If I remember correctly, on occasion there were some posts here that expressed some serious doubt about the validity of Fred's analysis.
In contrast, I am convinced that Fred is mostly correct with this, though there are a few secondary points that in my opinion can be improved on a bit.
The most important thing to point out is, that those numbers are entirely anchored on the number of warriors fighting Reno in the valley. Fred's numbers here assume those to be 900, exactly.
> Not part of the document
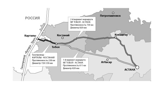 Два маршрута прохождения магистрального газопровода отличаются по протяженности и затратам. Первый вариант - газопровод пройдет по маршруту Тобол-Атбасар-Астана. Его протяженность составит 611 км. Второй предлагают строить по маршруту Тобол-Кокшетау-Астана. Его длина составит 730 км.
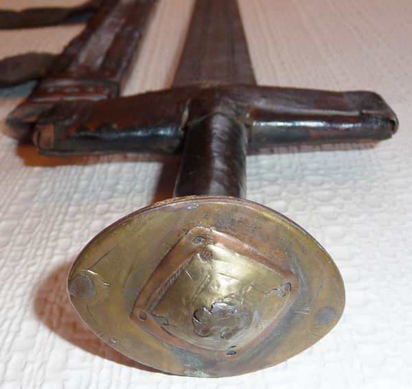 Der metallene Griff ist komplett, inklusive Parierstange, mit Leder bezogen. Der Knauf besteht aus Blechen verschiedenster Materialien. Es findet sich Eisen, Kupfer und Messing darunter. Die Metalle wurden vernietet und/oder verlötet.

For a different base, the numbers for Custer/both/total warriors change accordingly.
For those who have not yet read Fred's
Participants, a short explanation were those numbers originated from (I might have made a few errors in transcription, so the numbers I give here might deviate slightly from the book):
Fred has assembled some 250 names of warriors where we can reasonable sure if they actively participated in the valley fight, Custer fight or both.
Tabulating the numbers for the different actions gives:
........ names...battle_total...relative_to_Reno
Reno ....106......900........... 1
Custer...185.....1572........... 1.75
both......47......399........... 0.44
total....244.....2071........... 2.3
I subjected this lists of names to a slightly more sophisticated analysis, and my conclusions for the respective ratios would be (2-sigma confidence interval, assuming a ratio of Cheyenne/Arapaho to Sioux warriors of 1:6 ):
........ Sioux....Cheyenne/A.....relative_to_Reno
Reno .......75.......23........... 1
Custer.....112.......59........... 1.60+/-0.22
both........35.......13........... 0.48+/-0.07
total......152.......69........... 2.13+/-0.25
For a range of 900+/-100 warriors fighting Reno this would yield:
Reno: 900+/-100
Custer: 1440+/-260
Total: 1910+/-310
Both: 430+/-80
For a range I consider more plausible, 700+/-200 the corresponding numbers were:
Reno: 700+/-200
Custer: 1120+/-360
Total: 1490+/-460
Both: 330+/-110
On the surface this might appear to be slightly questionable math here, but bear with me for a while and this might make more sense.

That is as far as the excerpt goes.